While most people come across algorithms every day, not that many can claim that they really understand how AI actually works. A new tool unveiled by Google, however, hopes to help common humans grasp the complexities of machine learning.
Dubbed "Explainable AI", the feature promises to do exactly what its name describes: to explain to users how and why a machine-learning model reaches its conclusions.
To do so, the explanation tool will quantify how much each feature in the dataset contributed to the outcome of the algorithm. Each data factor will have a score reflecting how much it influenced the machine-learning model.
Users can pull out that score to understand why a given algorithm reached a particular decision. For example, in the case of a model that decides whether or not to approve someone for a loan, Explainable AI will show account balance and credit score as the most decisive data.
Introducing the new feature at Google's Next event in London, the CEO of Google Cloud, Thomas Kurian, said: "If you're using AI for credit scoring, you want to be able to understand why the model rejected a particular model and accepted another one."
"Explainable AI allows you, as a customer, who is using AI in an enterprise business process, to understand why the AI infrastructure generated a particular outcome," he said.
The explaining tool can now be used for machine-learning models hosted on Google's AutoML Tables and Cloud AI Platform Prediction.
Google had previously taken steps to make algorithms more transparent. Last year, it launched the What-If Tool for developers to visualize and probe datasets when working on the company's AI platform.
By quantifying data factors, Explainable AI unlocks further insights, as well as making those insights readable for more users.
"You can pair AI Explanations with our What-If tool to get a complete picture of your model's behavior," said Tracy Frey, director of strategy at Google Cloud.
In some fields, like healthcare, improving the transparency of AI would be particularly useful.
In the case of an algorithm programmed to diagnose certain illnesses, for example, it would let physicians visualize the symptoms picked up by the model to make its decision, and verify that those symptoms are not false positives or signs of different ailments.
The company also announced that it is launching a new concept of what it calls "model cards" – short documents that provide snap information about particular algorithms.

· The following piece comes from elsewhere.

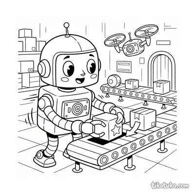Retro-Roboter sortiert Pakete

The documents are essentially an ID card for machine learning, including practical details about a model's performance and limitations.
According to the company, this will "help developers make better decisions about what models to use for what purpose and how to deploy them responsibly."
Users can read about the model's outputs. performance, and limitations. For example, the face detection model card explains that the algorithm might be limited by the face's size, orientation or poor lighting.
The new tools and features announced today are part of Google's attempts to prove that it is sticking to its AI principles, which call for more transparency in developing the technology.
Earlier this year, the company dissolved its one-week-old AI ethics board, which was created to monitor its use of artificial intelligence.